This figure shows a simple representation of nitrogen movement in an ecosystem.

The largest reservoir for nitrogen is the atmosphere which contains 80% nitrogen.

However, plants are unable to convert this nitrogen gas into organic molecules.

Nitrogen fixing bacteria in the soil may be free living or have formed an association with the roots of leguminous plants. These bacteria utilize the chemical energy in the triple nitrogen bonds producing ammonium ions in the process. Ammonium ions are also produced, as fungi and other microorganisms decompose organic material such as feces and dead plant and animal material, in a process called ammonification. Nitrifying bacteria in the soil convert the ammonium ions into nitrate ions in a process called nitrification. Nitrate ions are more readily absorbed by plants than ammonium ions. In wetland areas denitrifying bacteria use nitrate molecules for energy and in the process release nitrogen back into the atmosphere. In plants, nitrate and ammonium ions are assimilated into amino acids and proteins which in turn are consumed by animals. The strong triple bond of atmospheric nitrogen can also be broken by natural processes such as lightening or by artificial means during fertilizer production.
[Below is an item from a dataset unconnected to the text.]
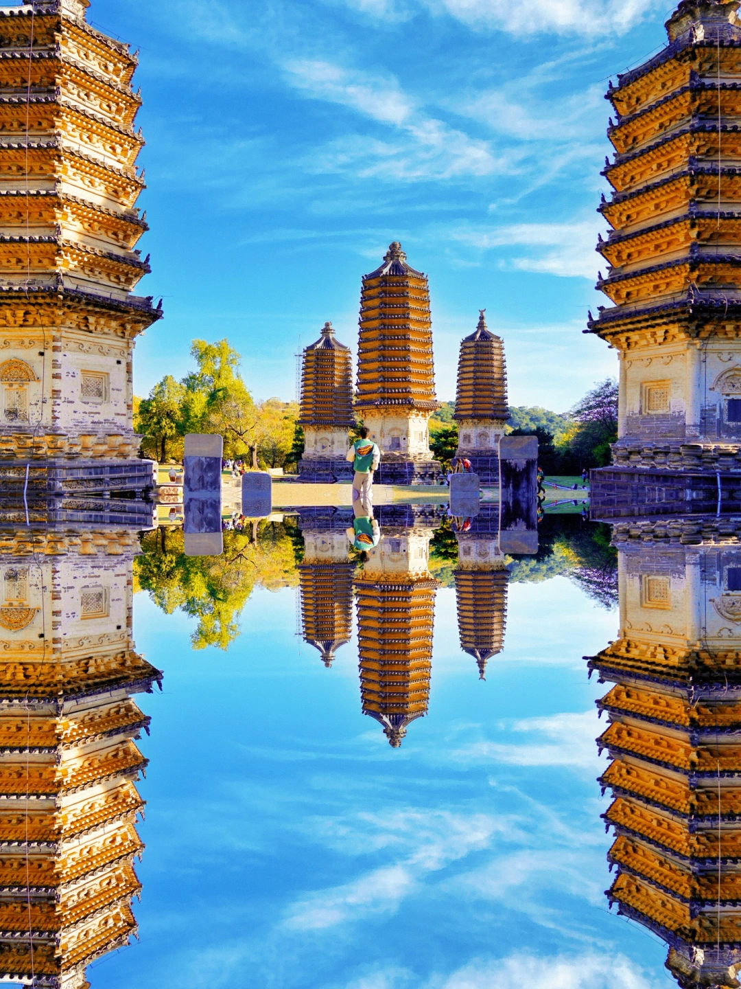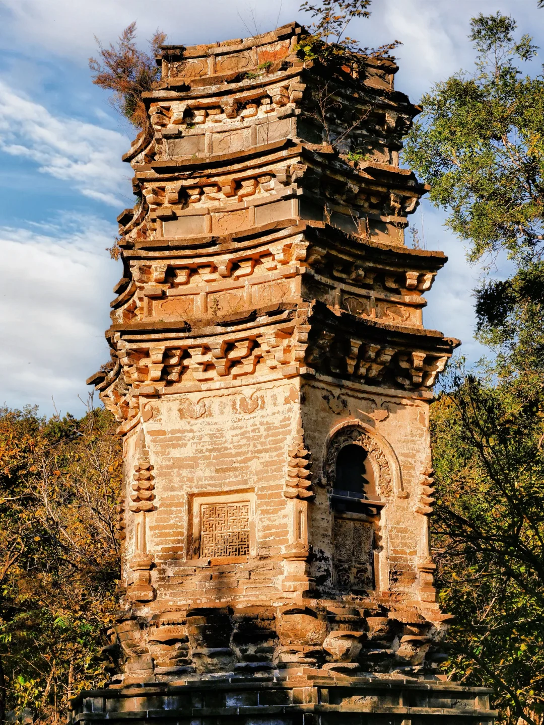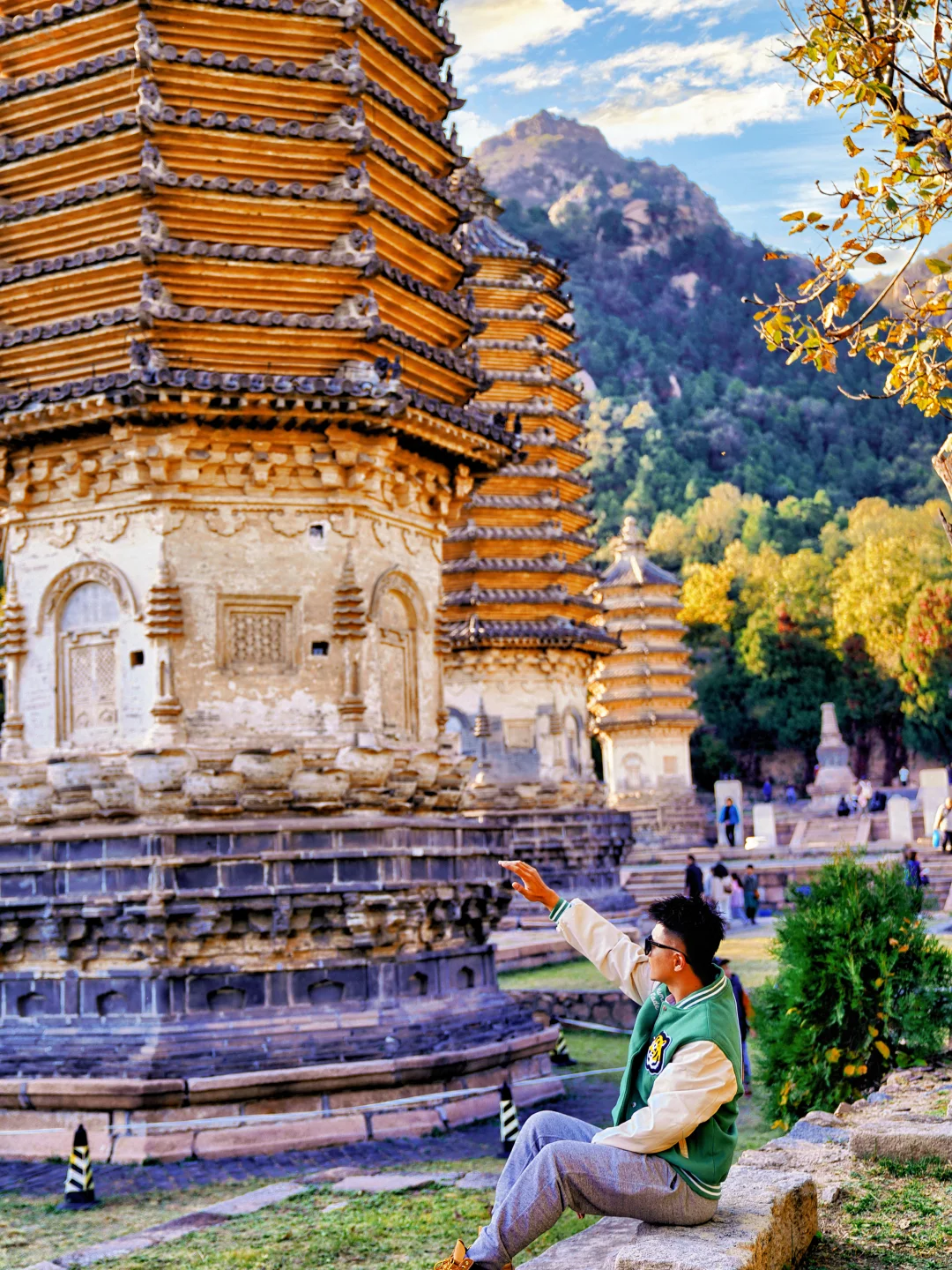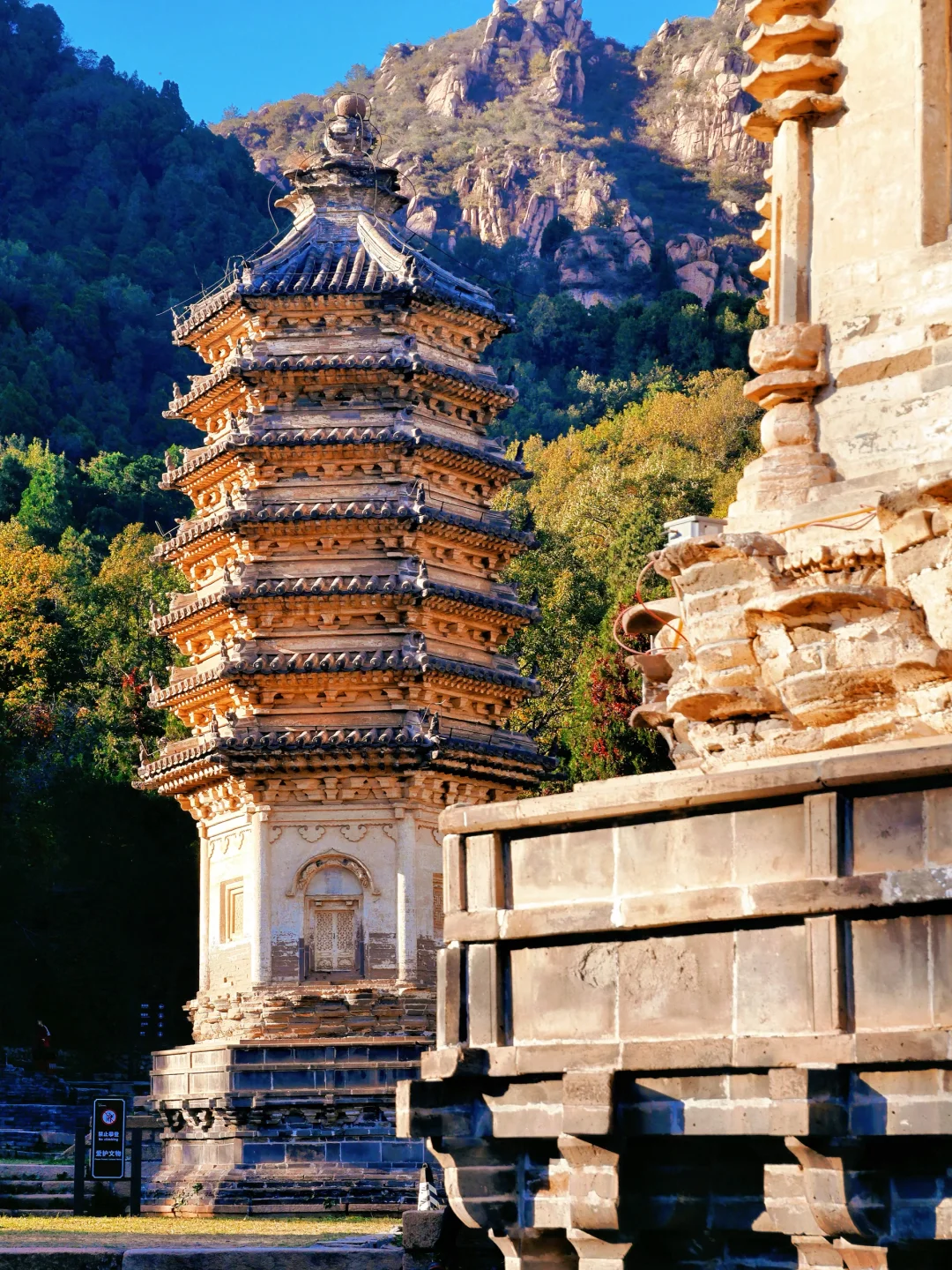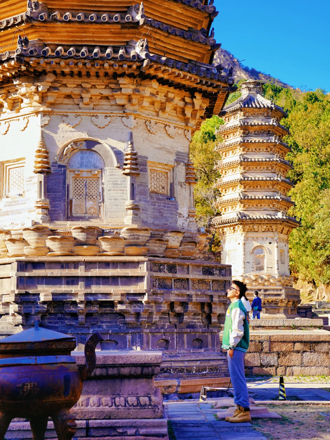 3️⃣每到秋季10月底-11月初,金黄的银杏与古塔相映,赏秋好去处

Under natural conditions nutrients are recycled continuously within an ecosystem.

However biogeochemical cycles are often disrupted by human activities. For

example, cultivation of land to grow annual crops such as wheat disrupts the

nutrient balance in the soil. As the wheat grows nutrients from the soil are locked

into the growing plant. At harvest time many of the nutrients are removed from the

area as the grain is shipped off for food and the straw is removed for animal

bedding or some other purpose. The remaining plant material is eventually broken

down by detritivores recycling those nutrients. Farmers often replenish the removed nutrients by adding fertilizer to the soil. The removal of a large number of primary producers from an ecosystem will cause some disruption to nutrient cycles.

The dynamics of an ecosystem is also disturbed when something is added to the

ecosystem which was not there previously. Often this is a man made phenomenon

when synthetic toxins and chemicals find their way into an ecosystem. Examples of toxins entering the environment are pesticides such as DDT or industrial chemicals such as PCBs. These chemicals enter the food chain and as they are passed through the different trophic levels they often increase in concentration. This phenomenon is called biological magnification. Some of these chemicals are

metabolized by organisms and the waste products are excreted from the body.
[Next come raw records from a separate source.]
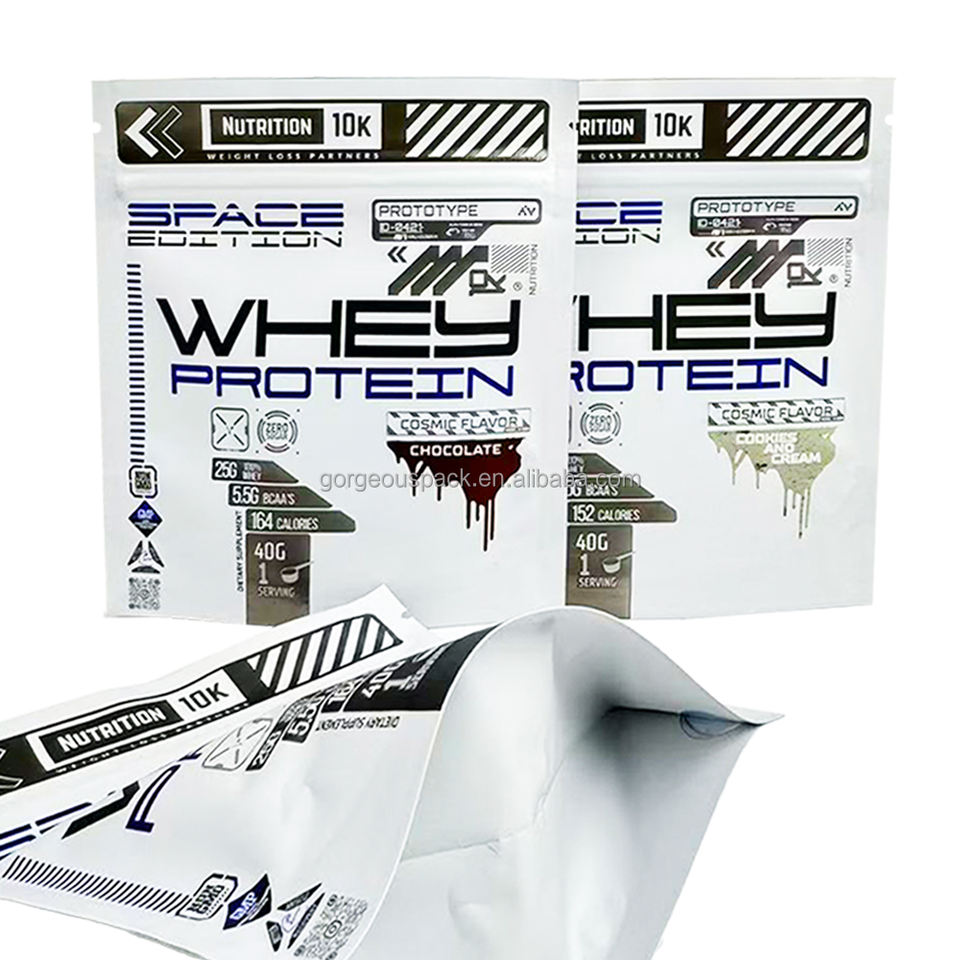 Sacs Mylar personnalisés à fermeture éclair pour poudre protéinée, impression numérique, faible MOQ, refermables, type stand-up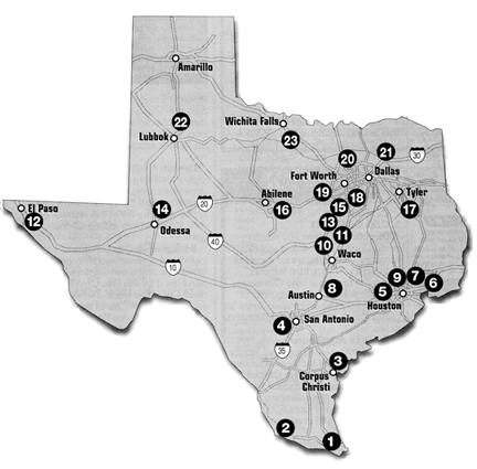 Directions: Take 1-30 50 miles east of Dallas to Exit 96 in Greenville,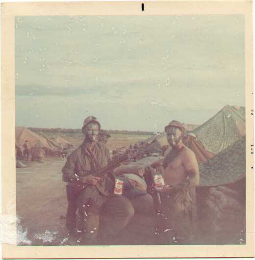 Pfc. Beauclair in background with Pfc. Dennis M. Soldner in foreground at Quang Tri LZ waiting for insertion birds to take us to Hill 819 being congratulated as a member of Team 1C2 (Cpl. Pete) For participating in mission that took place on the Razorback Ridge in August. |

Others are stored in fatty tissue and retained in the consumer. Organisms higher

up the food chain eat a larger quantity of the organisms from lower trophic levels

and therefore consume more of the chemicals when they are stored in the body

tissues. Concentrations in an organism may reach levels where they become

disruptive to the life cycle. This was the case in the 1950s with the pesticide DDT.

High concentrations of the chemical interfered with calcium deposition in eggshells resulting in weak shells and many birds were unable to incubate their eggs. Magnification of industrial chemicals such as PCBs in biological organisms is a more recent discovery. These toxins are now found in a wide range of organisms ranging from Orca whales in the Pacific Ocean to herring gull eggs in the Great Lakes. Current research indicates that these toxins disrupt the endocrine system of animals including humans. The long term effects are not yet known. Many of these synthetic molecules cannot be broken down by microorganisms and so they persist in the ecosystem for years or even decades.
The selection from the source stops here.